Task to carry out: Leave every image out, and print the remaining lines below exactly.

[Records from a data collection]

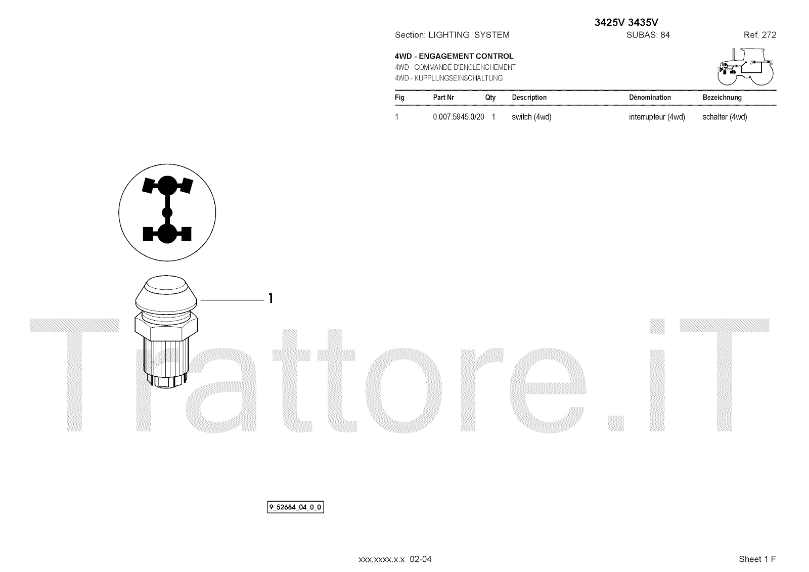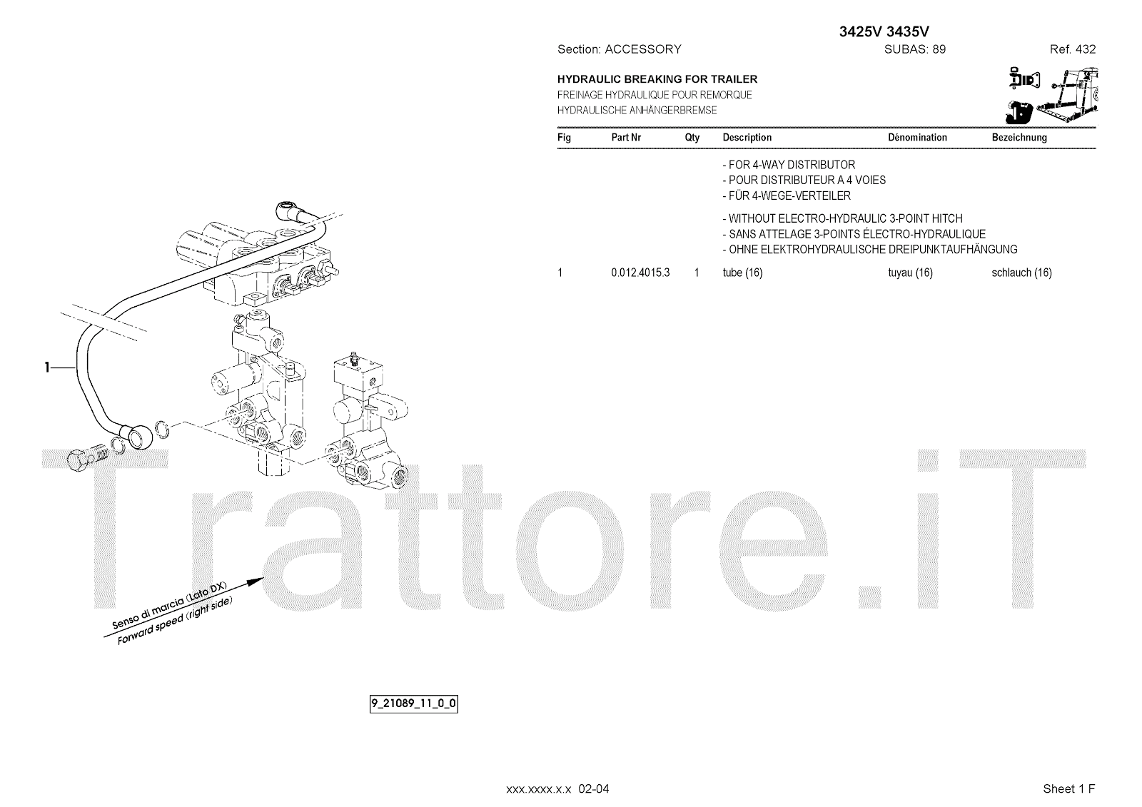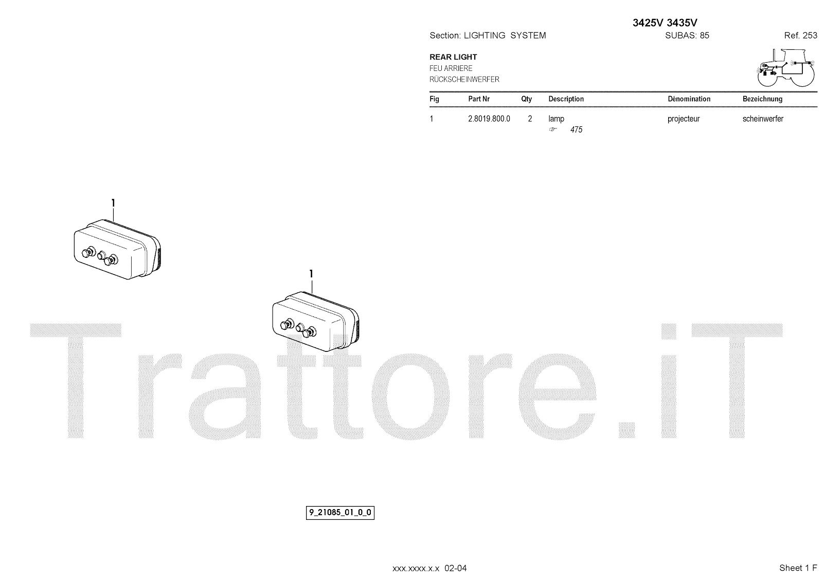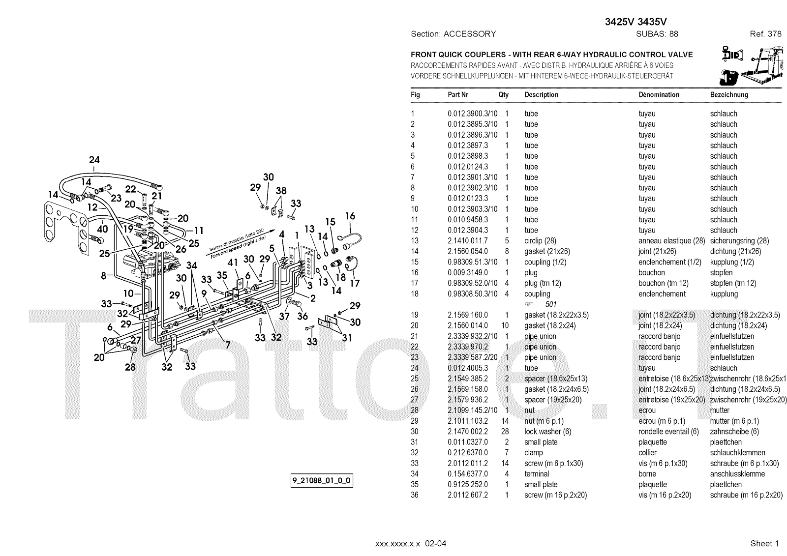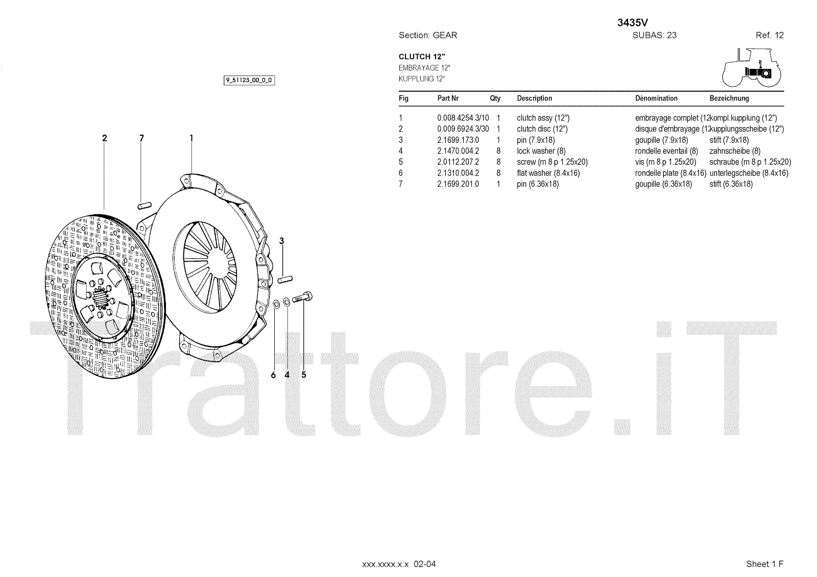 Manuale (esploso meccanico) per trattore / trattrice Massey Ferguson 3425V
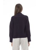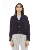 Wrap yourself in pure luxury with Alpha Studio’s latest offering – a cardigan that perfectly embodies timeless elegance with a bold twist. Its rich purple hue commands attention while the fine ribbed collar, cuffs, and bottom add subtle sophistication. The button closure ensures a seamless look, complemented by convenient front pockets for a touch of practicality. Crafted from a plush blend of Merino wool, Alpaca leather, and Polyamide, this Italian-made statement piece exudes comfort and high-end fashion.
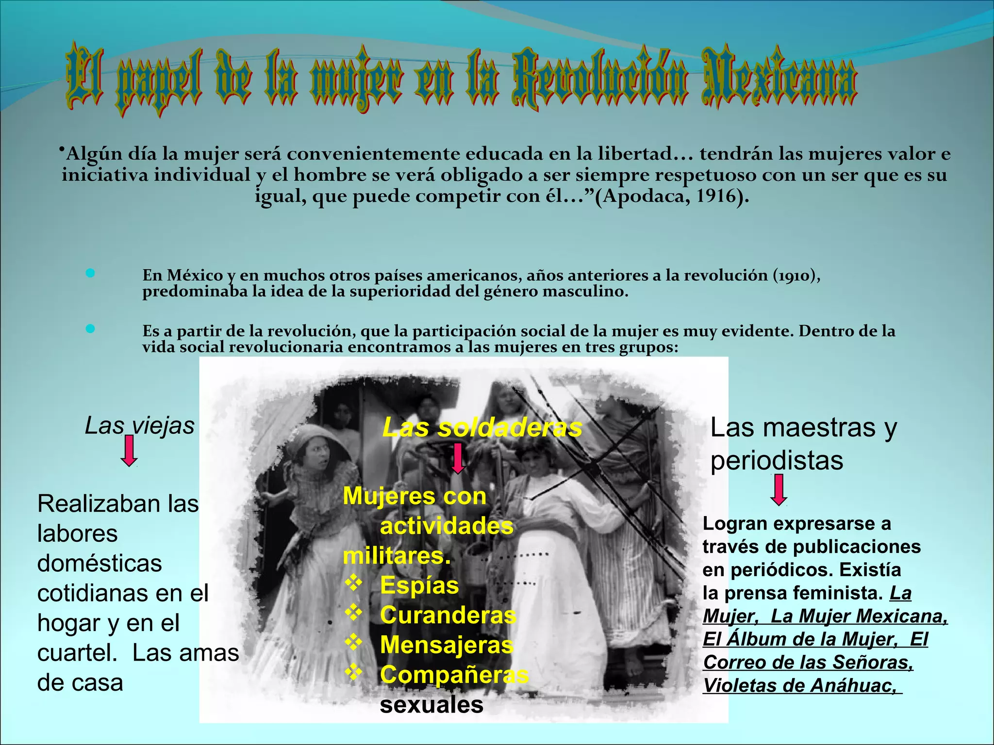 El documento describe los roles de género y la participación de las mujeres en México antes y durante la Revolución Mexicana de 1910. Antes de la revolución, predominaba la idea de la superioridad masculina. Durante la revolución, las mujeres participaron de tres formas: como "viejas" que realizaban tareas domésticas, como "soldaderas" que tenían funciones militares como espionaje o curación, y como "maestras y periodistas" que lograron expresarse a través de la prensa feminista. La revolución amplió la participación de
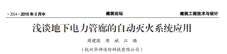 淺談地下電力管廊的自動滅火系統(tǒng)應用
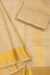 Drape yourself in timeless elegance with this stunning Sunkissed Beige Kanjivaram silk dhoti! Featuring classic 8 x 4 stripes that dance across the fabric, it's paired with a luxurious gold zari border that catches the light beautifully. The authentic Kanjivaram silk ensures a rich, lustrous finish that feels as divine as it looks. Comes complete with coordinating shirt material, so you're all set for weddings, festivals, or special celebrations. Pure sophistication wrapped in tradition!
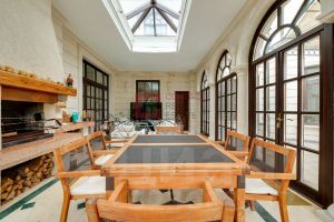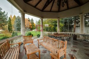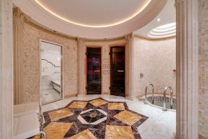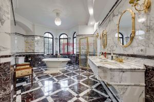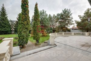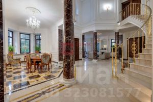 ID 8 204. Millennium Park. Загородная резиденция площадью 1300 м² расположена на полевом участке 31 сотка в тихой части поселка рядом с парковой аллеей. Фасад выполнен в европейском стиле, облицован натуральным камнем и штукатуркой двух оттенков, а изящные колонны, филенки и русты придают ему особый шарм. Современные интерьеры выдержаны в светлой гамме и отделаны с использованием оникса, гранита, мрамора и дерева. Каждая деталь продумана до мелочей — от дизайнерской мебели до премиальной бытовой техники. ''Умный дом'' и кондиционирование обеспечивают комфорт в любое время года.Планировка первого этажа включает просторный двухсветный каминный зал с элегантной лестницей, кухню с итальянским гарнитуром Valcucine, столовую, гостиную с кабинетом, застекленную веранду и 2 спальни. Отсюда можно выйти на террасу с видом на сад или пройти через панорамный коридор в SPA-зону с 11-метровым бассейном, сауной с печью Harvia, бильярдной и комнатой отдыха с баром. Второй этаж отведен под 4 спальни с гардеробными и большую игровую, а на цокольном уровне разместили дополнительную спальню и блок для персонала.Для машин предусмотрен встроенный двухместный гараж и парковка, рассчитанная на 6 автомобилей. На участке вдохните запах свежескошенной травы, прогуливаясь по мощеным дорожкам в тени высоких деревьев, и любуйтесь декоративными кустарниками и цветами у дома. Вечером можно собраться с близкими в уютном домике-барбекю с мангалом, казаном и большим обеденным столом, наслаждаясь теплой атмосферой под мягкой уличной подсветкой.Поэтажное описаниеЦоколь: блок для персонала с кухней-спальней, спальня, санузел, постирочная, техническое помещение.1-й уровень: холл, каминный зал, кухня, столовая, веранда, гостиная с кабинетом и санузлом, 2 гардеробные, санузел, гараж, терраса, 2 спальни, SPA-зона с бассейном, сауной, бильярдной, комнатой отдыха и душевой с санузлом.2-й уровень: холл, мастер-спальня с гардеробной, будуаром, санузлом и балконом, спальня с будуаром, санузлом и балконом, 2 спальни с гардеробной и санузлом, игровая.Залог 3 500 000 ₽
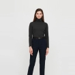 Black solid T-shirt, has a turtle neck, and long sleeves.
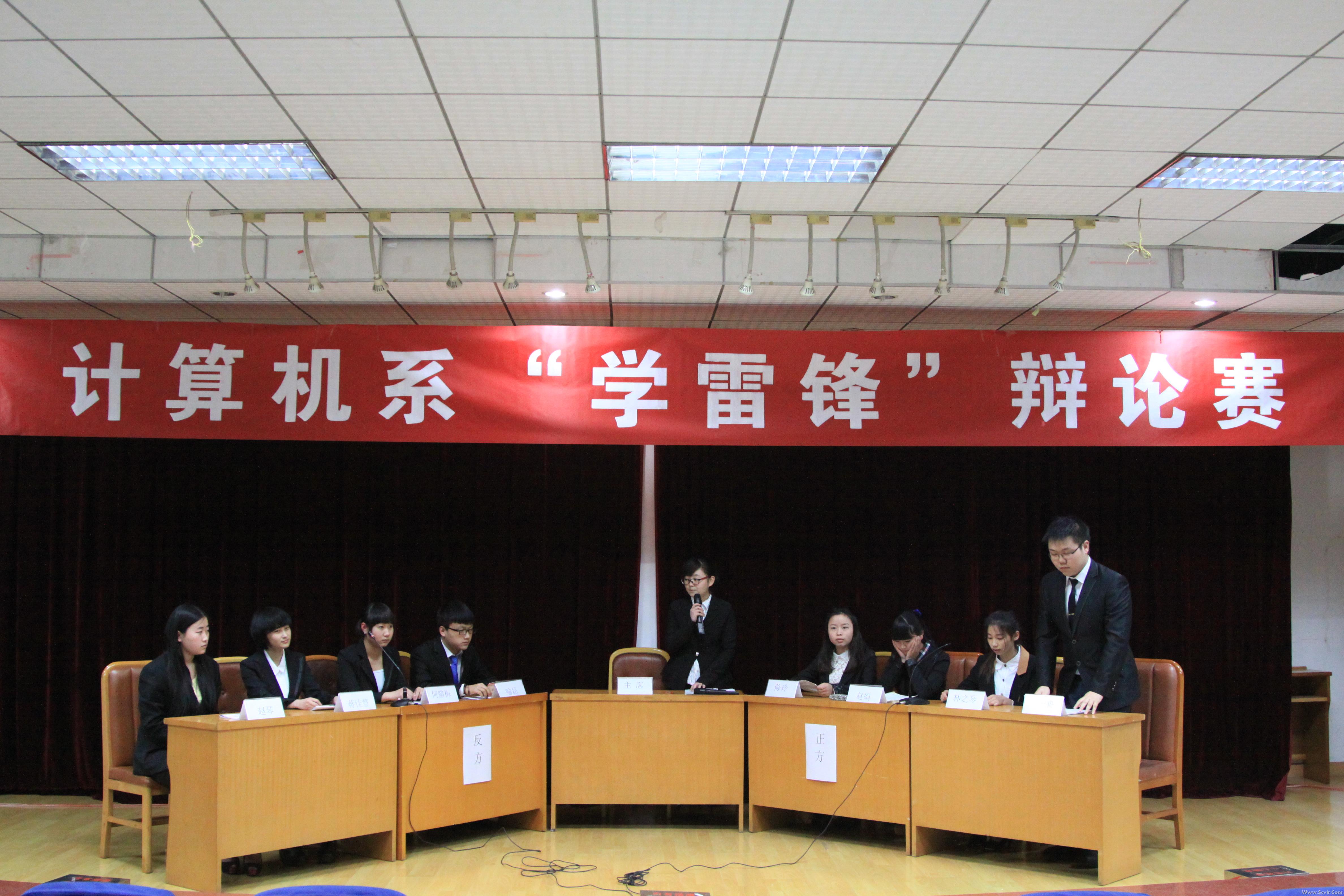 为纪念毛泽东同志号召“向雷锋同志学习”51周年,丰富和发展新时期“学雷锋”活动的内涵和形式,积极倡导“奉献、有爱、互助、进步”的志愿服务精神。计算机系团总支积极响应院团委号召,从3月17日至27日期间,在学院多功能厅教室开展了以“弘扬雷锋精神,争做文明大学生”为主题的一系列辩论赛。参赛选手就雷锋精神是否适应当今社会、物质待遇能否体现人生价值等内容展开了激烈的辩论。经过激烈的角逐,计算机系2013级计应2班代表队获得冠军。
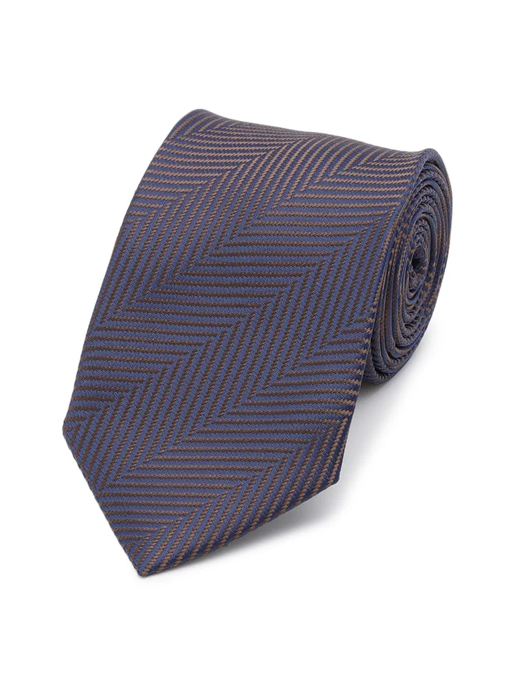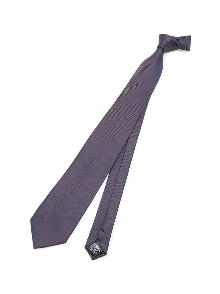 ヘリンボンストライプ柄でやや艶のあるネクタイ。
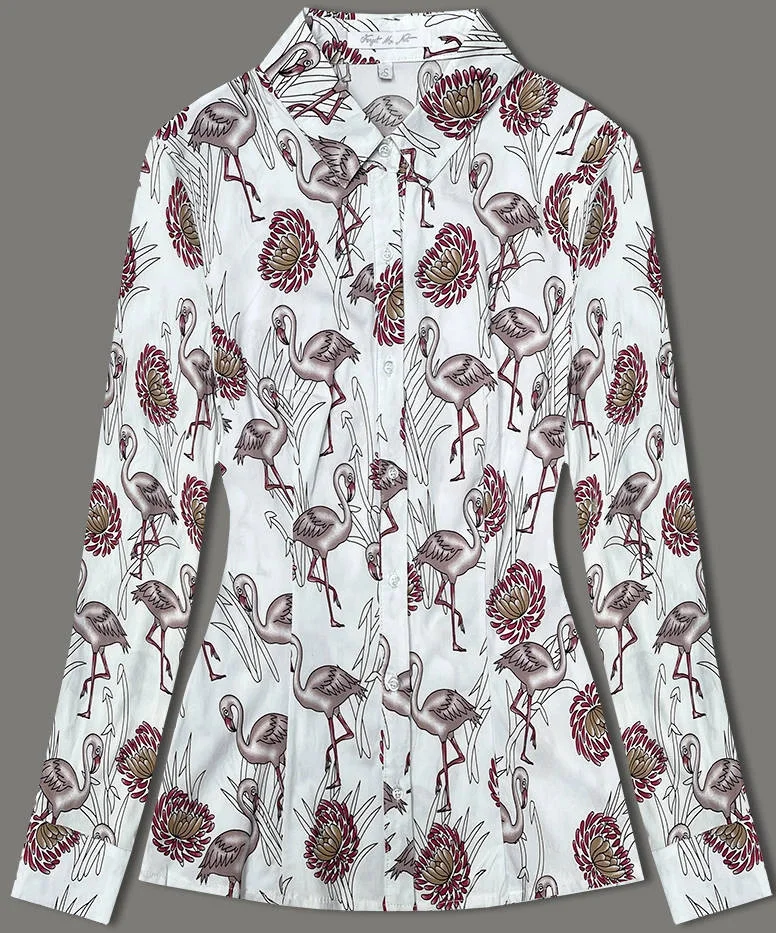 Košile v ecru barvě s dlouhými rukávy a se vzorem plameňáků (AWY0168)
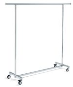 Das moderne und elegante Design des verchromten Vierkantrohrs macht den Kleiderständer zu einem ästhetischen Highlight, das nahtlos in verschiedene Einrichtungsstile passt und eine ansprechende Präsentation der Kleidung ermöglicht.
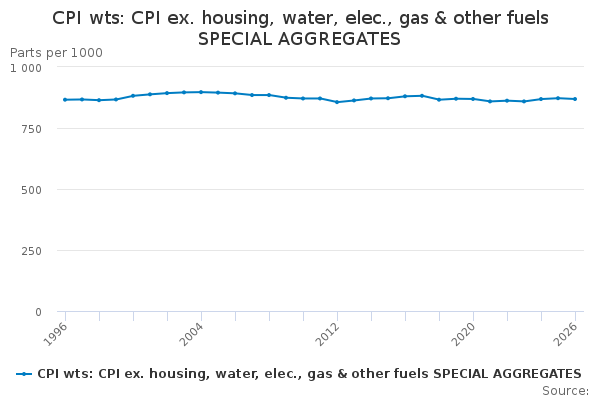 Download this time seriesCPI wts: CPI ex. housing, water, elec., gas & other fuels SPECIAL AGGREGATES
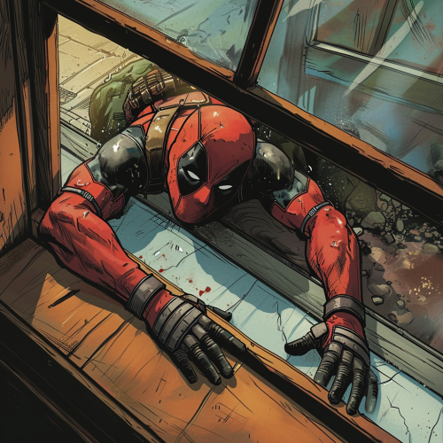 Looking out from inside the house, Deadpool is lying on the glass --v 6.0
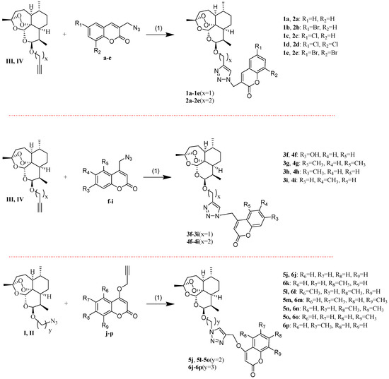 The synthesis of the intermediates a–p and I–IV is presented in Scheme 1. The intermediates I and II were obtained by 2-bromoethanol or 3-bromo-1-propanol, with dihydroartemisinin (DHA), respectively, followed by treating the product with sodium azide. The intermediates III and IV were synthesized by propargyl alcohol or 3-butyn-1-ol with DHA, respectively. The required 3-methylcoumarin derivatives were obtained by substitution of salicylaldehyde with propionic anhydride in the presence of sodium propionate and triethylamine. The substituted-3-bromomethylcoumarins were prepared by the radical bromination of 3-methylcoumarin derivatives through the reaction with N-Bromosuccinimide (NBS) in the presence of dibenzoylperoxide [36]. The intermediates a–e were synthesized by substituted-3-bromomethylcoumarins via azidation reaction. The required substituted-4-chloromethylcoumarins were prepared by the Pechmann cyclisation [37] of substituted phenols with 4-chloroethylacetoacetate using sulfuric acid as the condensing agent. The intermediates f–i were synthesized by substituted-4-chloromethylcoumarin via azidation reaction. To synthesize the intermediates j–p, several substituted-4-hydroxycoumarin were prepared by condensing the substituted phenol with malonic acid [38]. Then the products were treated with 3-bromo-1-propyne in the presence of potassium carbonate.

Task result:
 Manuale (esploso meccanico) per trattore / trattrice Massey Ferguson 3425V
 Wrap yourself in pure luxury with Alpha Studio’s latest offering – a cardigan that perfectly embodies timeless elegance with a bold twist. Its rich purple hue commands attention while the fine ribbed collar, cuffs, and bottom add subtle sophistication. The button closure ensures a seamless look, complemented by convenient front pockets for a touch of practicality. Crafted from a plush blend of Merino wool, Alpaca leather, and Polyamide, this Italian-made statement piece exudes comfort and high-end fashion.
 El documento describe los roles de género y la participación de las mujeres en México antes y durante la Revolución Mexicana de 1910. Antes de la revolución, predominaba la idea de la superioridad masculina. Durante la revolución, las mujeres participaron de tres formas: como "viejas" que realizaban tareas domésticas, como "soldaderas" que tenían funciones militares como espionaje o curación, y como "maestras y periodistas" que lograron expresarse a través de la prensa feminista. La revolución amplió la participación de
 淺談地下電力管廊的自動滅火系統(tǒng)應用
 Drape yourself in timeless elegance with this stunning Sunkissed Beige Kanjivaram silk dhoti! Featuring classic 8 x 4 stripes that dance across the fabric, it's paired with a luxurious gold zari border that catches the light beautifully. The authentic Kanjivaram silk ensures a rich, lustrous finish that feels as divine as it looks. Comes complete with coordinating shirt material, so you're all set for weddings, festivals, or special celebrations. Pure sophistication wrapped in tradition!
 ID 8 204. Millennium Park. Загородная резиденция площадью 1300 м² расположена на полевом участке 31 сотка в тихой части поселка рядом с парковой аллеей. Фасад выполнен в европейском стиле, облицован натуральным камнем и штукатуркой двух оттенков, а изящные колонны, филенки и русты придают ему особый шарм. Современные интерьеры выдержаны в светлой гамме и отделаны с использованием оникса, гранита, мрамора и дерева. Каждая деталь продумана до мелочей — от дизайнерской мебели до премиальной бытовой техники. ''Умный дом'' и кондиционирование обеспечивают комфорт в любое время года.Планировка первого этажа включает просторный двухсветный каминный зал с элегантной лестницей, кухню с итальянским гарнитуром Valcucine, столовую, гостиную с кабинетом, застекленную веранду и 2 спальни. Отсюда можно выйти на террасу с видом на сад или пройти через панорамный коридор в SPA-зону с 11-метровым бассейном, сауной с печью Harvia, бильярдной и комнатой отдыха с баром. Второй этаж отведен под 4 спальни с гардеробными и большую игровую, а на цокольном уровне разместили дополнительную спальню и блок для персонала.Для машин предусмотрен встроенный двухместный гараж и парковка, рассчитанная на 6 автомобилей. На участке вдохните запах свежескошенной травы, прогуливаясь по мощеным дорожкам в тени высоких деревьев, и любуйтесь декоративными кустарниками и цветами у дома. Вечером можно собраться с близкими в уютном домике-барбекю с мангалом, казаном и большим обеденным столом, наслаждаясь теплой атмосферой под мягкой уличной подсветкой.Поэтажное описаниеЦоколь: блок для персонала с кухней-спальней, спальня, санузел, постирочная, техническое помещение.1-й уровень: холл, каминный зал, кухня, столовая, веранда, гостиная с кабинетом и санузлом, 2 гардеробные, санузел, гараж, терраса, 2 спальни, SPA-зона с бассейном, сауной, бильярдной, комнатой отдыха и душевой с санузлом.2-й уровень: холл, мастер-спальня с гардеробной, будуаром, санузлом и балконом, спальня с будуаром, санузлом и балконом, 2 спальни с гардеробной и санузлом, игровая.Залог 3 500 000 ₽
 Black solid T-shirt, has a turtle neck, and long sleeves.
 为纪念毛泽东同志号召“向雷锋同志学习”51周年,丰富和发展新时期“学雷锋”活动的内涵和形式,积极倡导“奉献、有爱、互助、进步”的志愿服务精神。计算机系团总支积极响应院团委号召,从3月17日至27日期间,在学院多功能厅教室开展了以“弘扬雷锋精神,争做文明大学生”为主题的一系列辩论赛。参赛选手就雷锋精神是否适应当今社会、物质待遇能否体现人生价值等内容展开了激烈的辩论。经过激烈的角逐,计算机系2013级计应2班代表队获得冠军。
 ヘリンボンストライプ柄でやや艶のあるネクタイ。
 Košile v ecru barvě s dlouhými rukávy a se vzorem plameňáků (AWY0168)
 Das moderne und elegante Design des verchromten Vierkantrohrs macht den Kleiderständer zu einem ästhetischen Highlight, das nahtlos in verschiedene Einrichtungsstile passt und eine ansprechende Präsentation der Kleidung ermöglicht.
 Download this time seriesCPI wts: CPI ex. housing, water, elec., gas & other fuels SPECIAL AGGREGATES
 Looking out from inside the house, Deadpool is lying on the glass --v 6.0
 The synthesis of the intermediates a–p and I–IV is presented in Scheme 1. The intermediates I and II were obtained by 2-bromoethanol or 3-bromo-1-propanol, with dihydroartemisinin (DHA), respectively, followed by treating the product with sodium azide. The intermediates III and IV were synthesized by propargyl alcohol or 3-butyn-1-ol with DHA, respectively. The required 3-methylcoumarin derivatives were obtained by substitution of salicylaldehyde with propionic anhydride in the presence of sodium propionate and triethylamine. The substituted-3-bromomethylcoumarins were prepared by the radical bromination of 3-methylcoumarin derivatives through the reaction with N-Bromosuccinimide (NBS) in the presence of dibenzoylperoxide [36]. The intermediates a–e were synthesized by substituted-3-bromomethylcoumarins via azidation reaction. The required substituted-4-chloromethylcoumarins were prepared by the Pechmann cyclisation [37] of substituted phenols with 4-chloroethylacetoacetate using sulfuric acid as the condensing agent. The intermediates f–i were synthesized by substituted-4-chloromethylcoumarin via azidation reaction. To synthesize the intermediates j–p, several substituted-4-hydroxycoumarin were prepared by condensing the substituted phenol with malonic acid [38]. Then the products were treated with 3-bromo-1-propyne in the presence of potassium carbonate.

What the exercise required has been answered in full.